Work to be completed:
The output must match the entries below exactly, with pictures removed.

Records from a collection
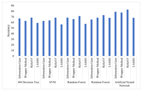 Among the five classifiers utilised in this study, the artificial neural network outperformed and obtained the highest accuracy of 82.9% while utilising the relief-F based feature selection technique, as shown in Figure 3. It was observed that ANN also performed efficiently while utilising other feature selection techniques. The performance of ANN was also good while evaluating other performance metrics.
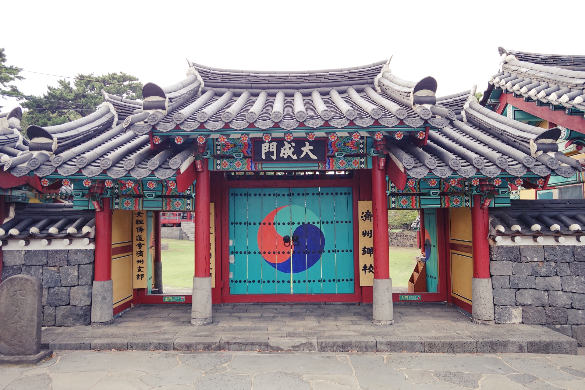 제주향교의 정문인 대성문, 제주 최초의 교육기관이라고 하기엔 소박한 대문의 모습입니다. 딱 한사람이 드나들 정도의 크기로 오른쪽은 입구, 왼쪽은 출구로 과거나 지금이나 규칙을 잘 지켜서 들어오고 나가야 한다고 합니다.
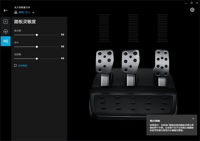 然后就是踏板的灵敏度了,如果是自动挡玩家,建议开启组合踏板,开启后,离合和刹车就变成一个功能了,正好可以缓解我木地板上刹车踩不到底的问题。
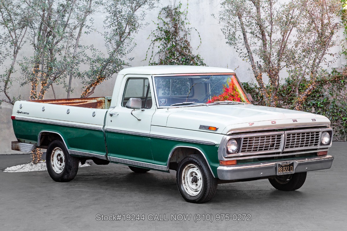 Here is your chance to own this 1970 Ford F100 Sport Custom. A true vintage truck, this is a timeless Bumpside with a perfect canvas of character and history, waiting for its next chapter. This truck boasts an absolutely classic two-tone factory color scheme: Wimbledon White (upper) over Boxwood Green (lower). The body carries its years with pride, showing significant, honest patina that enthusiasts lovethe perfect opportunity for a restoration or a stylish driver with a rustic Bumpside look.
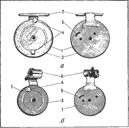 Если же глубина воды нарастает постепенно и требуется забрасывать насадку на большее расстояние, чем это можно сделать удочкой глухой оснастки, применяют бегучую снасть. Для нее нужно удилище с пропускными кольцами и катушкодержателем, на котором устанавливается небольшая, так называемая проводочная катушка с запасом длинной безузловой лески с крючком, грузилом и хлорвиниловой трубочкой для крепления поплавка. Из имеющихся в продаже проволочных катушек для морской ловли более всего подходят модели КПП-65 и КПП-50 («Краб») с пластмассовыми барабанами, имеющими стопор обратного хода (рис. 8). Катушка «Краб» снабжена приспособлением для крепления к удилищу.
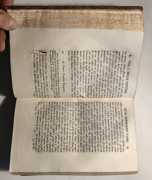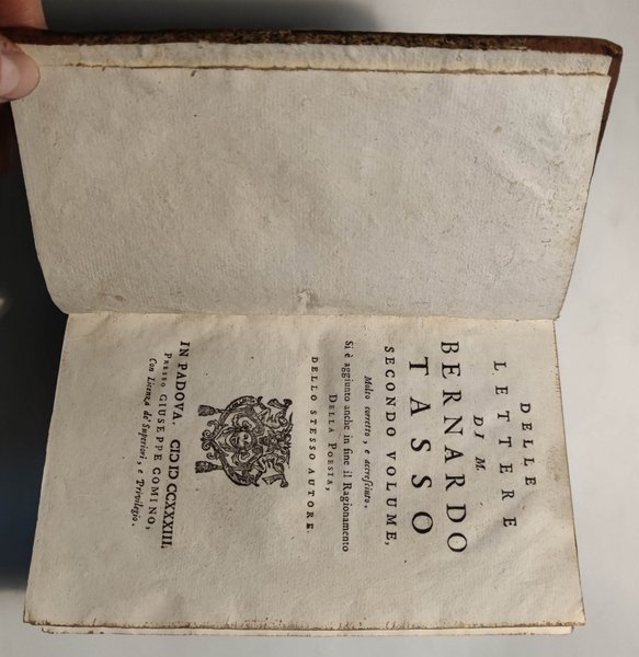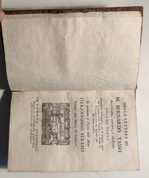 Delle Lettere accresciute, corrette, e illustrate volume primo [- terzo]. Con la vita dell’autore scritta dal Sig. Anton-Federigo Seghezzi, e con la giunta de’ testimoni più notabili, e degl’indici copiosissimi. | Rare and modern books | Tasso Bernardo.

Exercise response:
 Among the five classifiers utilised in this study, the artificial neural network outperformed and obtained the highest accuracy of 82.9% while utilising the relief-F based feature selection technique, as shown in Figure 3. It was observed that ANN also performed efficiently while utilising other feature selection techniques. The performance of ANN was also good while evaluating other performance metrics.
 제주향교의 정문인 대성문, 제주 최초의 교육기관이라고 하기엔 소박한 대문의 모습입니다. 딱 한사람이 드나들 정도의 크기로 오른쪽은 입구, 왼쪽은 출구로 과거나 지금이나 규칙을 잘 지켜서 들어오고 나가야 한다고 합니다.
 然后就是踏板的灵敏度了,如果是自动挡玩家,建议开启组合踏板,开启后,离合和刹车就变成一个功能了,正好可以缓解我木地板上刹车踩不到底的问题。
 Here is your chance to own this 1970 Ford F100 Sport Custom. A true vintage truck, this is a timeless Bumpside with a perfect canvas of character and history, waiting for its next chapter. This truck boasts an absolutely classic two-tone factory color scheme: Wimbledon White (upper) over Boxwood Green (lower). The body carries its years with pride, showing significant, honest patina that enthusiasts lovethe perfect opportunity for a restoration or a stylish driver with a rustic Bumpside look.
 Если же глубина воды нарастает постепенно и требуется забрасывать насадку на большее расстояние, чем это можно сделать удочкой глухой оснастки, применяют бегучую снасть. Для нее нужно удилище с пропускными кольцами и катушкодержателем, на котором устанавливается небольшая, так называемая проводочная катушка с запасом длинной безузловой лески с крючком, грузилом и хлорвиниловой трубочкой для крепления поплавка. Из имеющихся в продаже проволочных катушек для морской ловли более всего подходят модели КПП-65 и КПП-50 («Краб») с пластмассовыми барабанами, имеющими стопор обратного хода (рис. 8). Катушка «Краб» снабжена приспособлением для крепления к удилищу.
 Delle Lettere accresciute, corrette, e illustrate volume primo [- terzo]. Con la vita dell’autore scritta dal Sig. Anton-Federigo Seghezzi, e con la giunta de’ testimoni più notabili, e degl’indici copiosissimi. | Rare and modern books | Tasso Bernardo.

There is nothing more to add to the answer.